Geo Week News

October 7, 2022

Exyn's Autonomous Drones Add Safety, Efficiency to Construction Sites

As autonomy improves, the benefits become more and more obvious to stakeholders.
ExynAero drone in flight
via Exyn

Automation is becoming one of the bigger buzzwords in just about every industry around the world at this point, with companies across sectors looking for ways to remove tedious work from their human workforce and shift it to machines that don’t need human intervention. We call it a buzzword because there are varying levels of autonomy that perhaps aren’t always clear to people, but certainly not because these options don’t exist.

In construction in particular, there are tools popping up on a regular basis, which is helpful in a number of ways. These automated tools, whether it be AI-empowered software or hardware like UAVs and robots, can improve on-site safety, save money, and even help tide companies over as they work through labor shortages in the industry. That said, there’s always some skepticism around how much these autonomous utilities can actually work without human intervention. One company addressing that skepticism head-on with their level four autonomous drone is Exyn, who has recently begun more work with construction sites.

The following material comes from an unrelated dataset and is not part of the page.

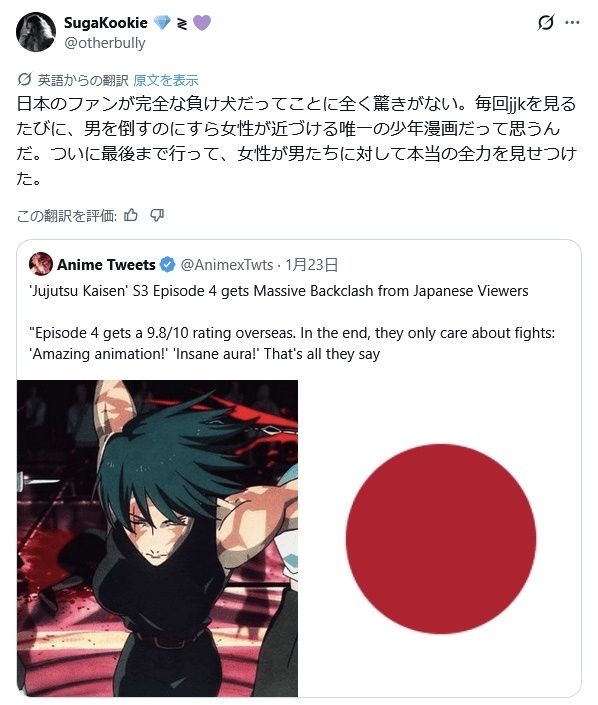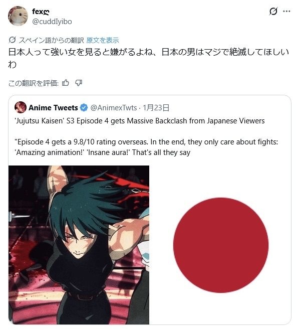 海外フェミ「日本のファンが呪術廻戦のアニメを悪く言うのは女が強いから!日本は西欧から遅れた男尊女卑の土人国家!」

Ben Williams, Exyn’s Chief Operating Officer, took a few minutes recently to speak with Geo Week News and offered this as a quick description of what the company is: “We talk about it as sitting at the intersection of high accuracy, three-dimensional mapping, and autonomous vehicle navigation.” Explaining further, he notes that this is complementary because “the better you understand the environment that you’re in, the better you map and the better your ability to see changes in the map.” All of this leads to true autonomy for Exyn’s UAV the ExynAero, which is constantly updating its knowledge of the world around them and can create it’s own flight plan in a number of different environments, including a construction site.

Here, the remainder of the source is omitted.